(Data)

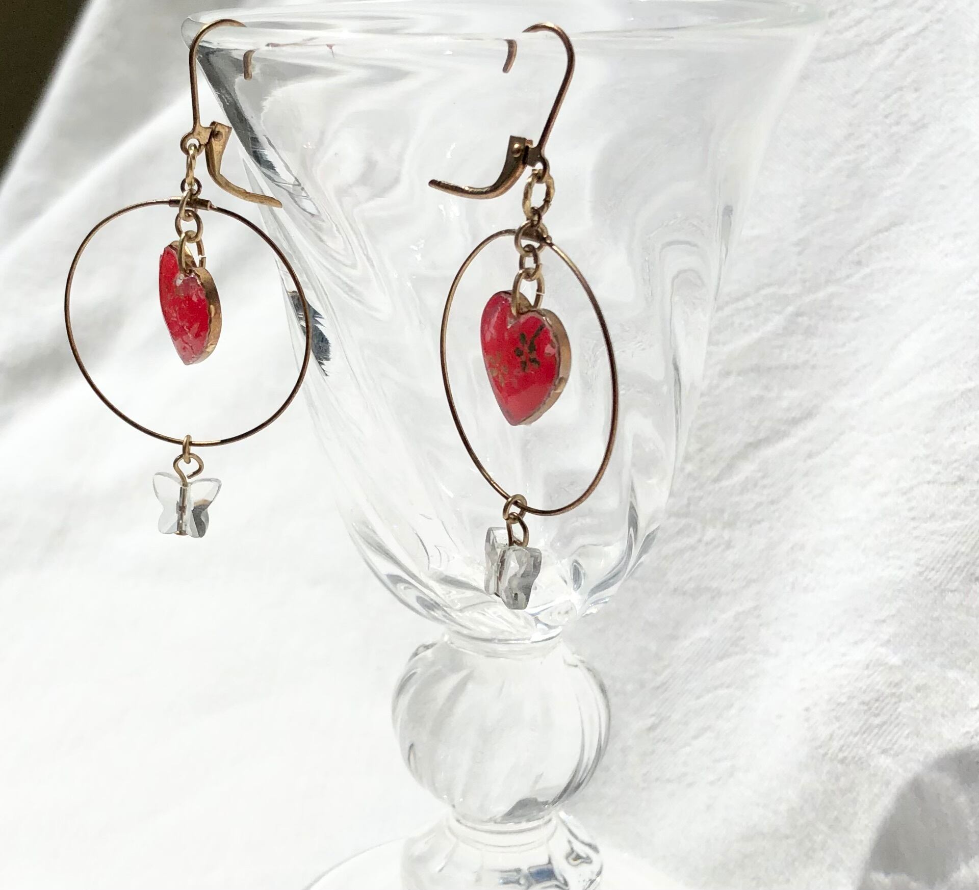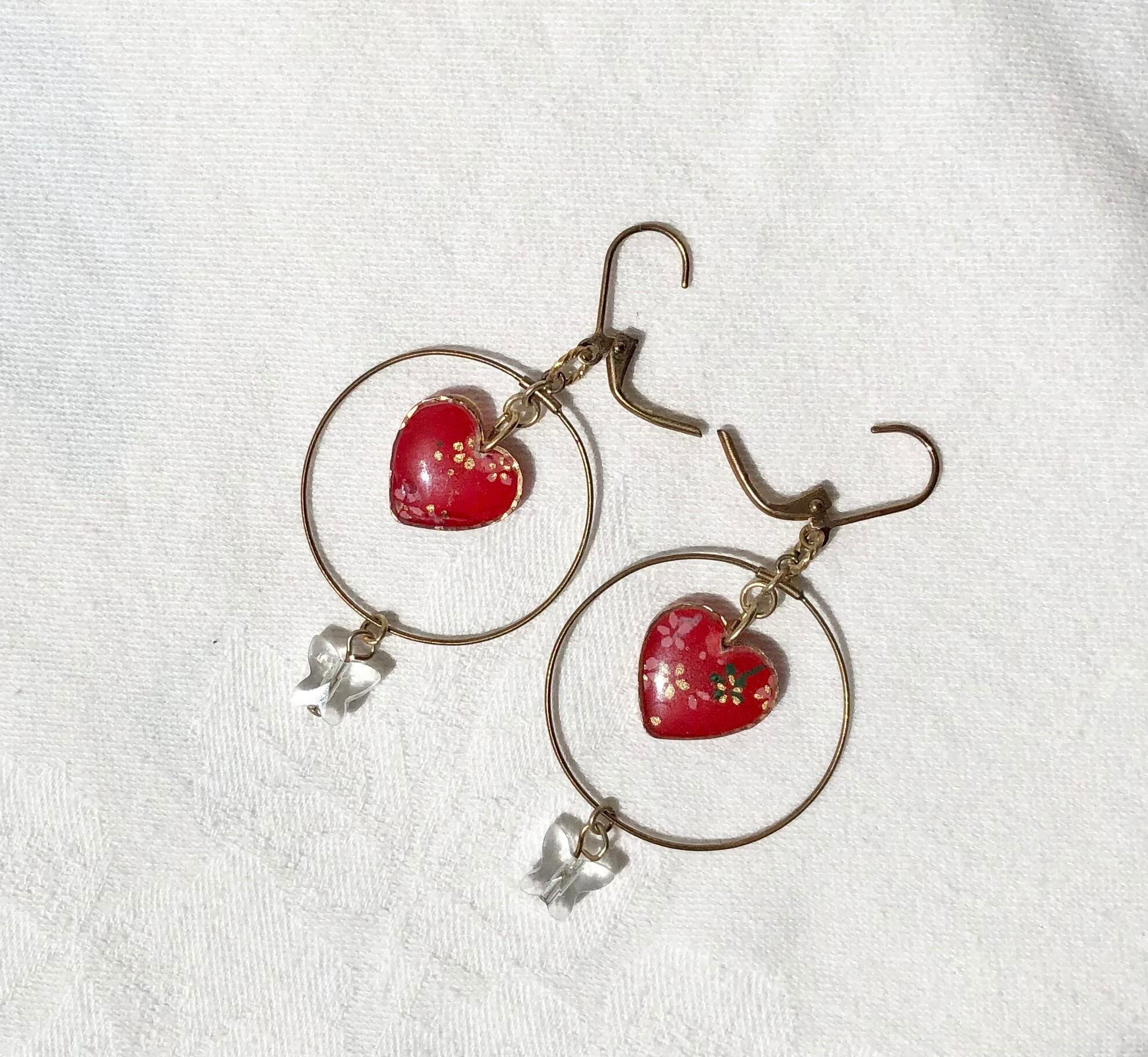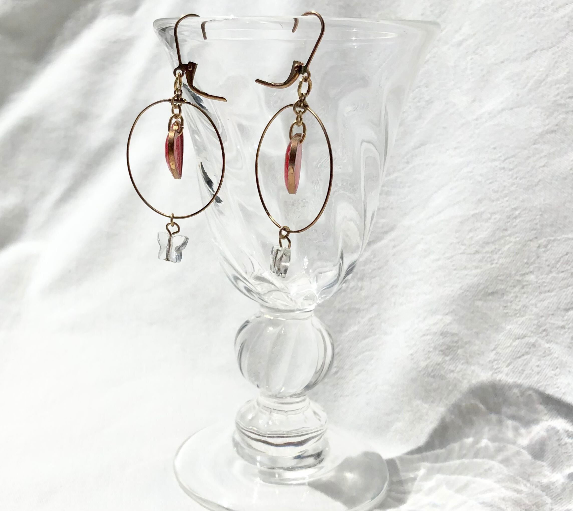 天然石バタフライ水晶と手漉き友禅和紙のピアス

(End Data)
(Data)

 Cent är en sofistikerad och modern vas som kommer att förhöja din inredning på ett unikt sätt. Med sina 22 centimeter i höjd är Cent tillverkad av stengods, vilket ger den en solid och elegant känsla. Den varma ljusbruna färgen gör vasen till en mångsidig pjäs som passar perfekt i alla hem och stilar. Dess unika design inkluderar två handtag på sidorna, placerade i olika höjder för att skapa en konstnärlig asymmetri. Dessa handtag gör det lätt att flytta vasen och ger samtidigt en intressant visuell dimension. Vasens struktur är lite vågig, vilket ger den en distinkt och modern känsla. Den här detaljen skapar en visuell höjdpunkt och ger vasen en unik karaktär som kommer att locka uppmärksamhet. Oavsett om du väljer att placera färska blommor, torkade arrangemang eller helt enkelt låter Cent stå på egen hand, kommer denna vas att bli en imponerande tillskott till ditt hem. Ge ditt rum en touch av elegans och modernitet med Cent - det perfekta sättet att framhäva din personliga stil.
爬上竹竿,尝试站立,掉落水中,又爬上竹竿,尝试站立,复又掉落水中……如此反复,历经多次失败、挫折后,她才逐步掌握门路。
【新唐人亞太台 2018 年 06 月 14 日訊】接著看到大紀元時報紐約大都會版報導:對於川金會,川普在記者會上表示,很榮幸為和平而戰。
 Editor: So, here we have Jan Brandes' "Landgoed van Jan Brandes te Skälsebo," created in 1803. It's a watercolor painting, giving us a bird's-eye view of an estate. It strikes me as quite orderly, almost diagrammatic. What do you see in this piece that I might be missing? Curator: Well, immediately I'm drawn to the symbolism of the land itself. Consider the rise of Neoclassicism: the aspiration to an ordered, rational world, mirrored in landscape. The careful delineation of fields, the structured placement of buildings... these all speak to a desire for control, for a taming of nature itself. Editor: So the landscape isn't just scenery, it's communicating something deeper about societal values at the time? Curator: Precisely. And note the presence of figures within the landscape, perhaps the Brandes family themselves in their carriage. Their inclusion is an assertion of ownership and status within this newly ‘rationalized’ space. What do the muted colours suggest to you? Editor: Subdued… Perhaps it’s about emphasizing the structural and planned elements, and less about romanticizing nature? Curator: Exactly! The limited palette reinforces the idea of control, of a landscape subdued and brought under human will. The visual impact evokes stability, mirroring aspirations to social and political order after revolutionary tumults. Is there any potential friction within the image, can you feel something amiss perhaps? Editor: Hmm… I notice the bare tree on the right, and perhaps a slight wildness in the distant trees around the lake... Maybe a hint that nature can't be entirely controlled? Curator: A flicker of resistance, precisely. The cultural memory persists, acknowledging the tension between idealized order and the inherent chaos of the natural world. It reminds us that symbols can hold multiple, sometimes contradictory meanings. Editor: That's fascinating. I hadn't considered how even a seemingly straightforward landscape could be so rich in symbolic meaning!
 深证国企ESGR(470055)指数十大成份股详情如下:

(End Data)

- [What the exercise asks]: There is a run of lines above from the one with "爬上竹竿,尝试站立,掉落水中" to the one with "月 14 日訊】接著看到大紀元時報紐約大都會版報導:對於川金會,川普在記者會上表示,很榮幸為和平而戰。"; print exactly that run, both ends included, and nothing else.

- [Result of the task]:
爬上竹竿,尝试站立,掉落水中,又爬上竹竿,尝试站立,复又掉落水中……如此反复,历经多次失败、挫折后,她才逐步掌握门路。
【新唐人亞太台 2018 年 06 月 14 日訊】接著看到大紀元時報紐約大都會版報導:對於川金會,川普在記者會上表示,很榮幸為和平而戰。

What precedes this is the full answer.